地理学报 ›› 2020, Vol. 75 ›› Issue (11): 2319-2331.doi: 10.11821/dlxb202011004

• 气候与环境演变 • 上一篇    下一篇

大兴安岭多年冻土区森林土壤温室气体通量

吴祥文(), 臧淑英(), 马大龙, 任建华, 李昊, 赵光影   

  1. 哈尔滨师范大学寒区地理环境监测与空间信息服务黑龙江省重点实验室,哈尔滨 150025
  • 收稿日期:2019-01-16 修回日期:2020-09-04 出版日期:2020-11-25 发布日期:2021-01-25
  • 通讯作者: 臧淑英
  • 作者简介:吴祥文(1991-), 男, 江苏连云港人, 博士生, 主要从事寒区冻土与气候变化研究。E-mail: hsdwxw@163.com
  • 基金资助:
    国家自然科学基金项目(41971151);国家自然科学基金项目(41501065);国家自然科学基金项目(41601382);黑龙江省自然科学基金项目(TD2019D002);哈尔滨师范大学博士研究生创新基金项目(HSDBSCX2019-02)

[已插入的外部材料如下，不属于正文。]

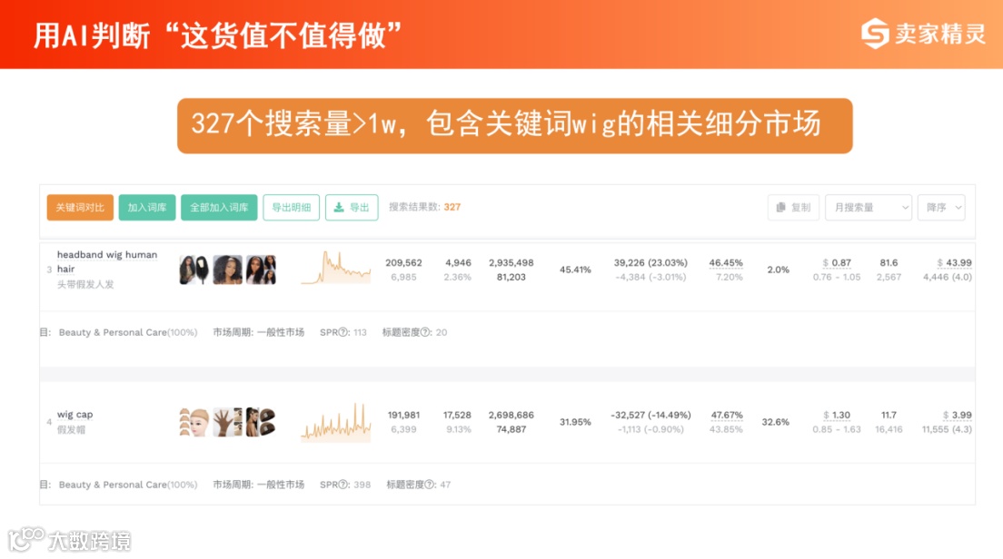 随即,卖家精灵Wendy提到很多卖家&工厂朋友的困惑:“怎么判断某个产业带的货,在海外市场到底值不值得做?” “哪些产品机会更大,风险又在哪?该怎么切入市场?”现在,AI+大数据能完美地解决这个问题。以“假发”类目为例,通过卖家精灵关键词选品搜索,会发现搜索量超过1万的相关市场就有300多个,从“假发帽”“假发片”到“半真半假假发”,每一个关键词背后,都是一个细分市场。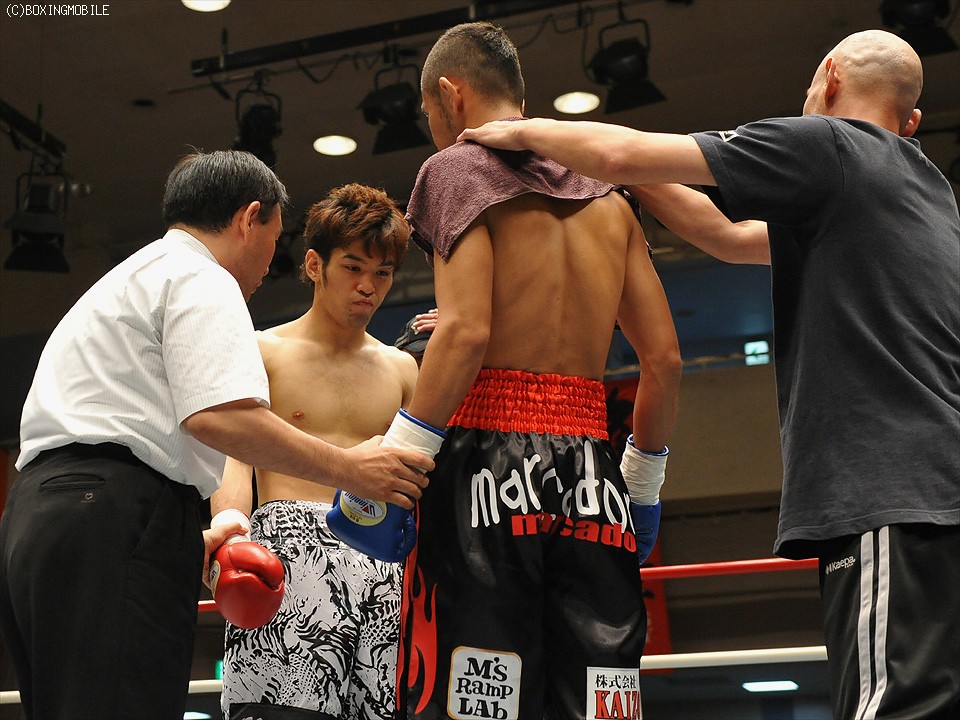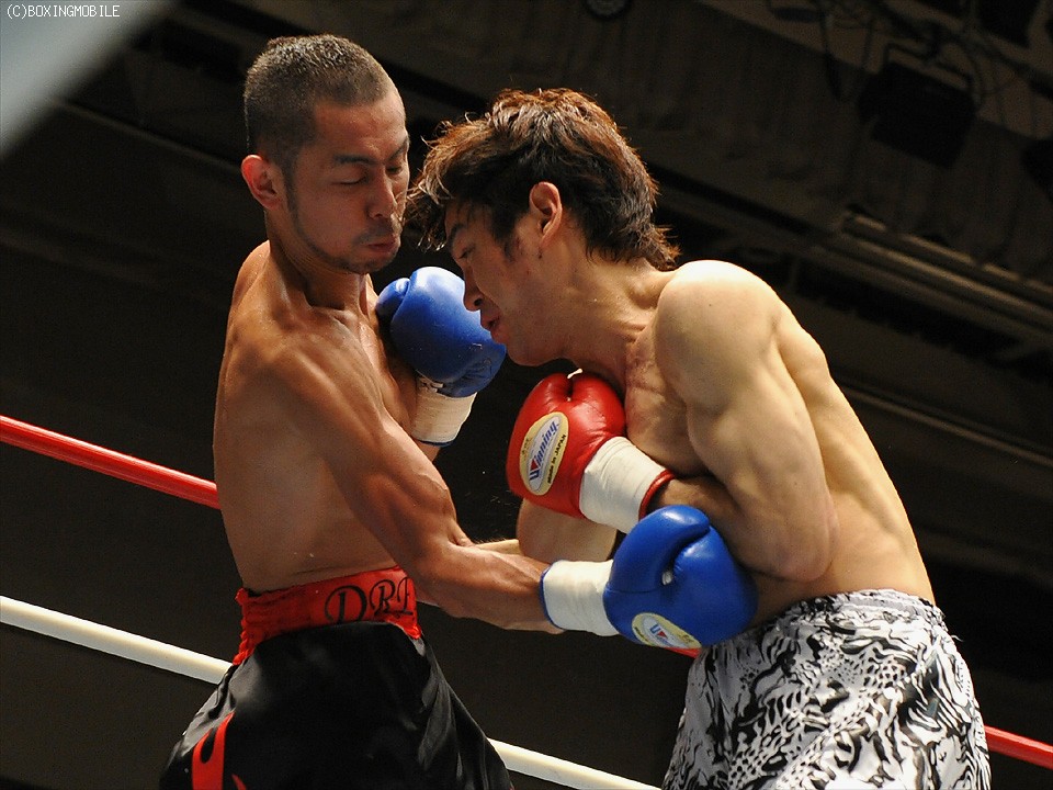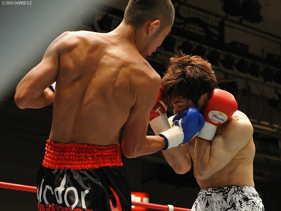 試合:低い体勢でプレッシャーをかけたサウスポーの菊地だったが、試合は終始高畑のペースで判定勝ち。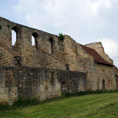 Die Ruine der Kirche St. Marien und Pankratius über der Aller ist schon von Weitem sichtbar. Hier befand sich im Mittelalter die Burg der Grafen von Walbeck, einem bedeutenden und angesehenen sächsischen Adelsgeschlecht. ... Der berühmteste Vertreter ist der Chronist und Bischof Thietmar von Merseburg (1009 - 1018). Graf Lothar II., Sohn Graf Lothars I., verschwor sich mit anderen sächsischen Adeligen gegen König Otto den Großen. Dieser sollte getötet und durch seinen Bruder Heinrich ersetzt werden. Die Verschwörung wurde aber vorher aufgedeckt und viele Beteiligte verhaftet und hingerichtet. Lothar II. wurde verschont und von Otto I. begnadigt. 942 errichtete Lothar II. daraufhin auf dem Gelände seiner Burg eine Stiftskirche als Sühne. ... Sie diente Lothar II. und seiner Familie als Grablege. Graf Lothar II. erhielt im Querhaus des ottonischen Gründungsbaus seine Grablege. Im 13. Jh. wurde aufgrund von Streitigkeiten beschlossen, die Burganlage zu zerstören und keinen Wiederaufbau erfolgen zu lassen. ... Bei Sicherungsarbeiten und Ausgrabungen im Querhaus, entdeckte man 1934 die Grablege des Stifters. Der Sarkophag mit Stuckaufsatz konnte geborgen werden und wurde in die Dorfkirche in Walbeck gebracht. Er ist eines der wenigen erhaltenen fürstlichen Grabmäler aus der ottonischen Zeit.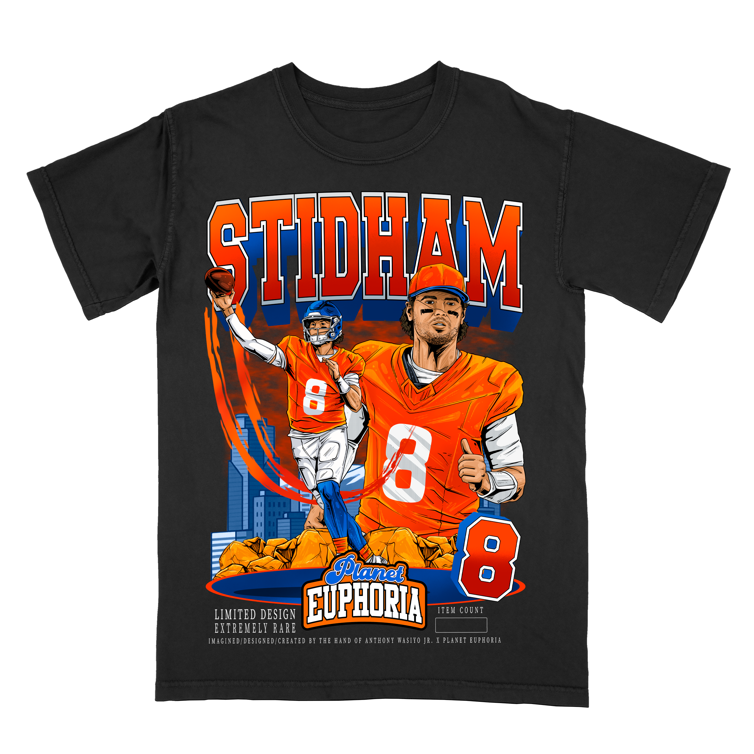 Limited Edition Jarrett Stidham T-Shirt: Collector's Edition, Hand Drawn Artwork, #/500 - Premium Quality, Hand Made Graphic Tee for Denver Football Fans, Available in Off-White & Black

Greenhouse gas fluxes from forest soil in permafrost regions of Greater Hinggan Mountains, Northeast China

WU Xiangwen(), ZANG Shuying(), MA Dalong, REN Jianhua, LI Hao, ZHAO Guangying   

  1. Heilongjiang Province Key Laboratory of Geographical Environment Monitoring and Spatial Information Service in Cold Regions, Harbin Normal University, Harbin 150025, China
  • Received:2019-01-16 Revised:2020-09-04 Online:2020-11-25 Published:2021-01-25
  • Contact: ZANG Shuying
  • Supported by:
    National Natural Science Foundation of China(41971151);National Natural Science Foundation of China(41501065);National Natural Science Foundation of China(41601382);Natural Science Foundation of Heilongjiang Province(TD2019D002);Doctoral Innovation Foundation of Harbin Normal University(HSDBSCX2019-02)

摘要:

多年冻土温室气体排放对全球气候变化有重要影响。采用静态暗箱—气相色谱法,于2016—2017年生长季(5—9月),对大兴安岭多年冻土区兴安落叶松林、樟子松林和白桦林土壤二氧化碳(CO2)、甲烷(CH4)和氧化亚氮(N2O)通量进行野外原位观测,对比分析温室气体通量的动态变化特征及其关键影响因子。结果表明:3种林型土壤CO2通量范围为65.88~883.59 mg·m-2·h-1;CH4通量范围为-93.29~-2.82 μg·m-2·h-1;N2O通量范围为-5.31~45.22 μg·m-2·h-1。整个生长季兴安落叶松林、樟子松林和白桦林土壤均表现为CO2、N2O的排放源、CH4的吸收汇,土壤CO2和CH4通量在不同林型和年际间差异显著。3种林型土壤CO2通量与5 cm、10 cm和15 cm土壤温度呈极显著正相关(P < 0.01);CH4通量受土壤含水量和10 cm、15 cm土壤温度的影响较大(P < 0.05);兴安落叶松林和樟子松林土壤N2O通量与气温呈显著正相关(P < 0.05),而白桦林土壤N2O则与15 cm土壤温度呈显著负相关(P < 0.05)。基于100 a时间尺度计算温室气体全球综合增温潜势,3种林型土壤温室气体的排放对气候变暖具有正反馈作用。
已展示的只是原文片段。